Credit card debt means a part of customer debt that he/she has to pay off every month (it is known as a revolving debt).

Seven steps that help get out of debt

1. Make a Budget. Cardholders can get into debt because of spending more money than they earn. Making a budget helps avoid this problem. Budget allows person to see how much money he/she makes and where that monies are going (eating out at luxury restaurants, buying coffee every day). Don't buy expensive and unnecessary things until you repay the loan.
2. Stop using your bankcard if you have debts, leave the card at home. Use cash instead. Only buy items you can pay for with real money.
3. Pay off your entire bill every month. If it is impossible to do, then pay a little more than minimum payment until your debt is gone.
4. If you have many credit cards, you should concentrate on paying off the card with the lowest debt (the Snowball Method), or begin with credit card that has the maximum interest rate (the Stacking Method).
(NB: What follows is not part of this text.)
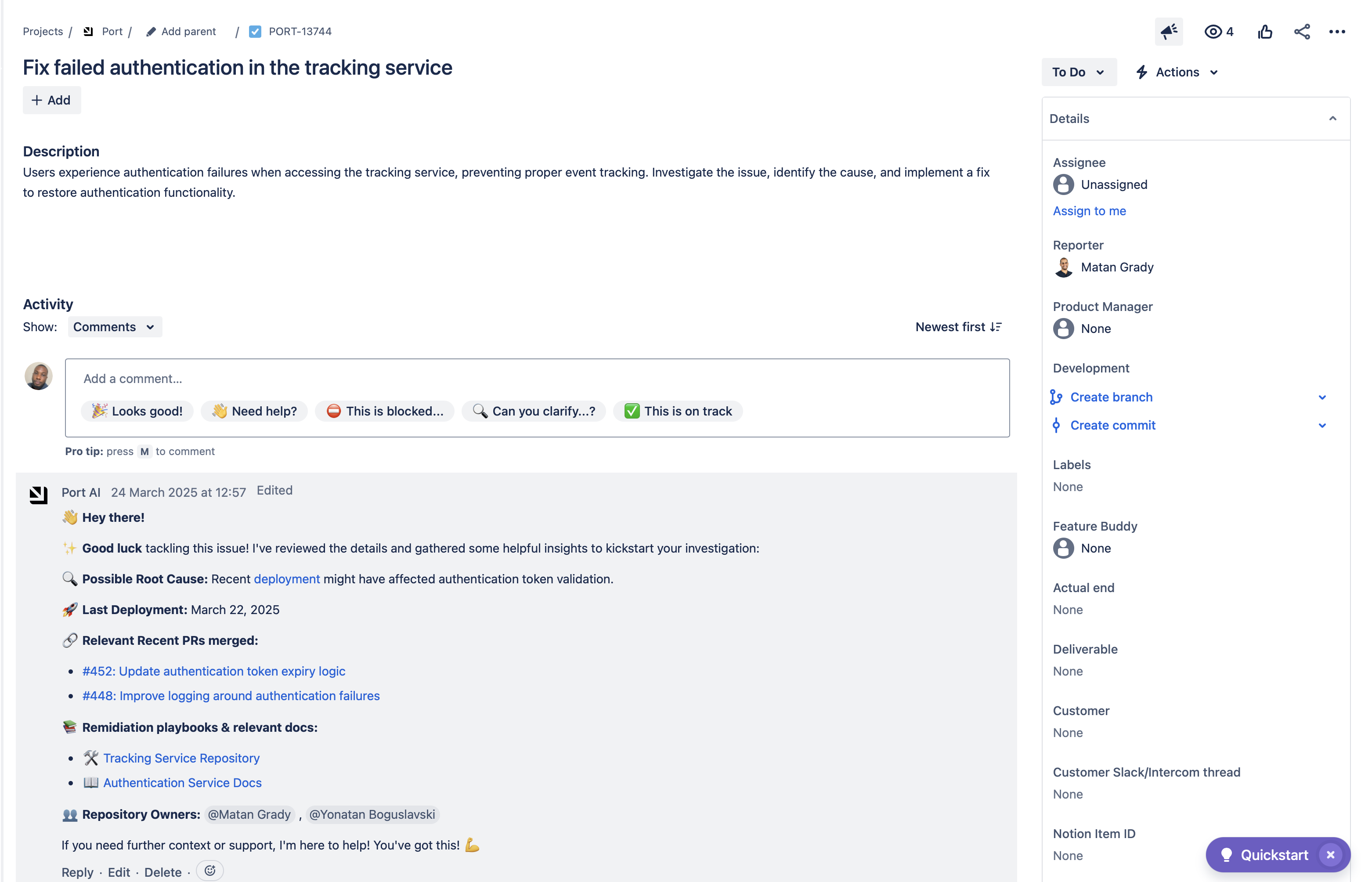 "description": "Automatically enriches Jira tasks with relevant context when developers start working on them",

Don't forget to make minimum payment on other cards.
5. Renegotiation of Mortgage Rates helps to save more money every month. If the interest rate drops to 5% from 7% on a $100,000 mortgage, you can save $128 per month. This money you can apply towards paying off credit cards.
6. Refinance Mortgage Rates. Thus, you'll restructure the mortgage into a most appropriate interest rate.
7. Start saving money after paying off the creditcard debt.